▶ **Provided material**
○ ○ ○
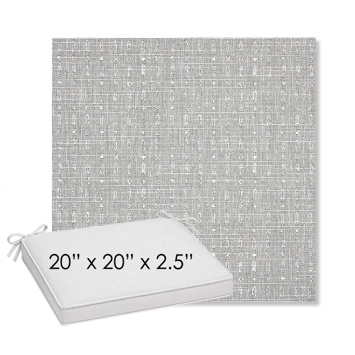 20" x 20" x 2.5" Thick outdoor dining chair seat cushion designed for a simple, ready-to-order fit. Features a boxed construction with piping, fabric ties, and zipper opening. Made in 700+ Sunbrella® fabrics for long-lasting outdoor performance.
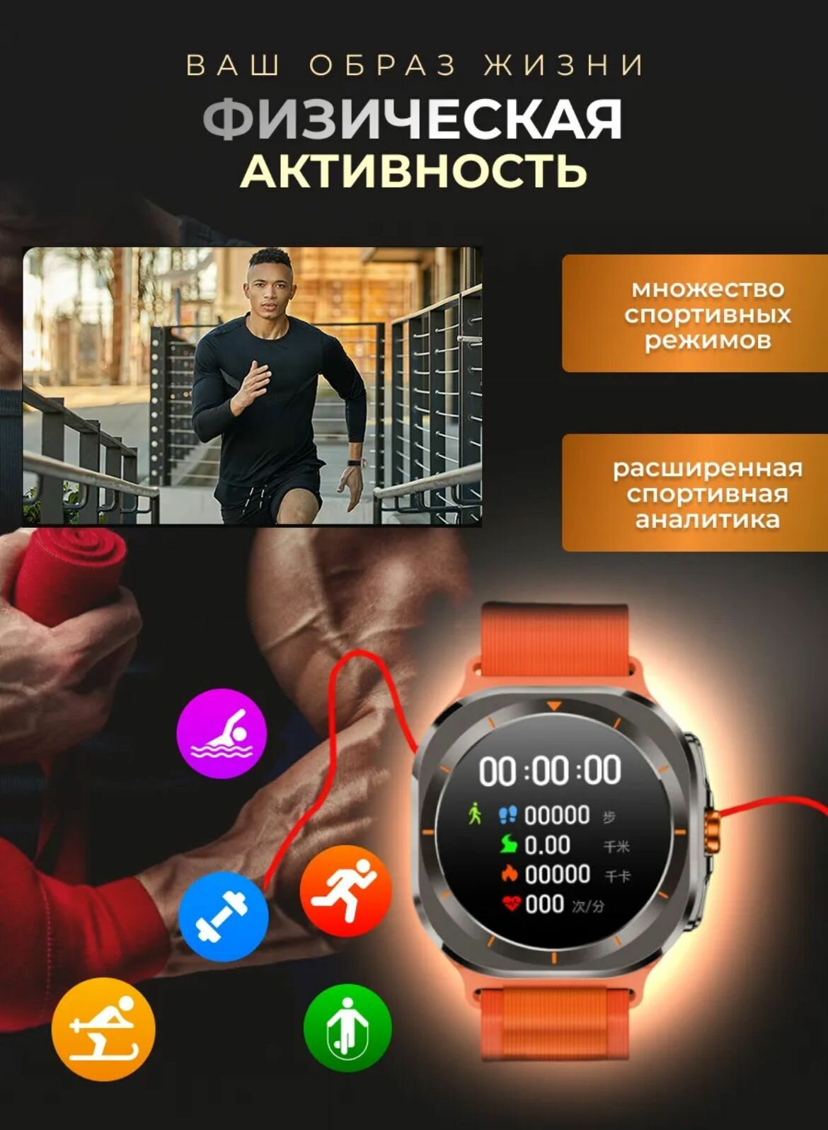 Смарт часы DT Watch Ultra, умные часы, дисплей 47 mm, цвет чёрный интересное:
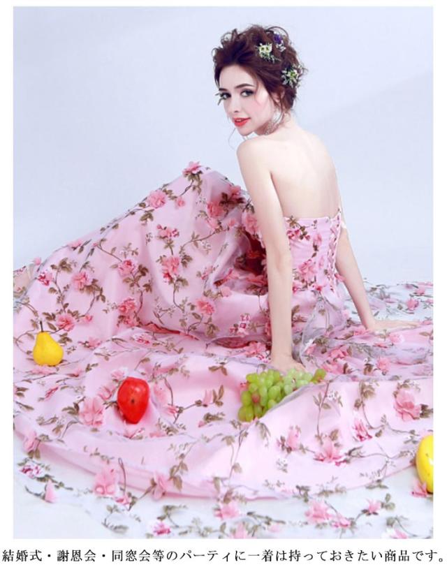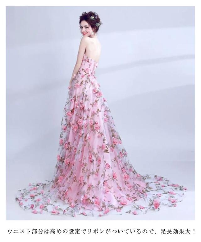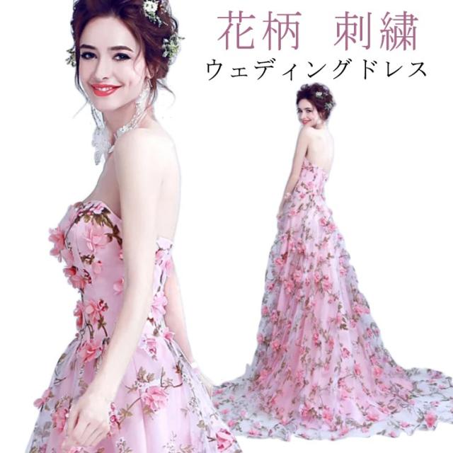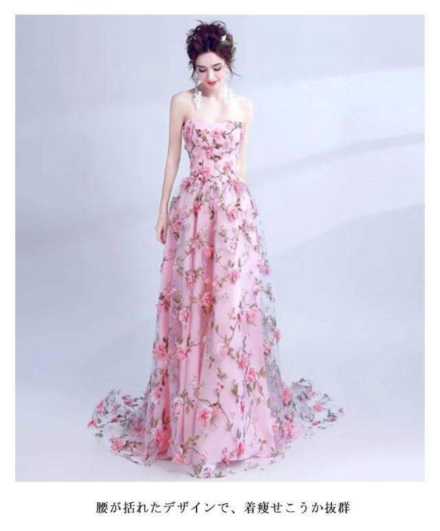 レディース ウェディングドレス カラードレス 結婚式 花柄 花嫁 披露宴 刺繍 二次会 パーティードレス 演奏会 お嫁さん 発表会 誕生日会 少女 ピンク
○ ○ ○
▶ **Exercise directions**
The expected answer is the full listing above, transcribed exactly and without pictures.

▶ **The answer**
 20" x 20" x 2.5" Thick outdoor dining chair seat cushion designed for a simple, ready-to-order fit. Features a boxed construction with piping, fabric ties, and zipper opening. Made in 700+ Sunbrella® fabrics for long-lasting outdoor performance.
 Смарт часы DT Watch Ultra, умные часы, дисплей 47 mm, цвет чёрный интересное:
 レディース ウェディングドレス カラードレス 結婚式 花柄 花嫁 披露宴 刺繍 二次会 パーティードレス 演奏会 お嫁さん 発表会 誕生日会 少女 ピンク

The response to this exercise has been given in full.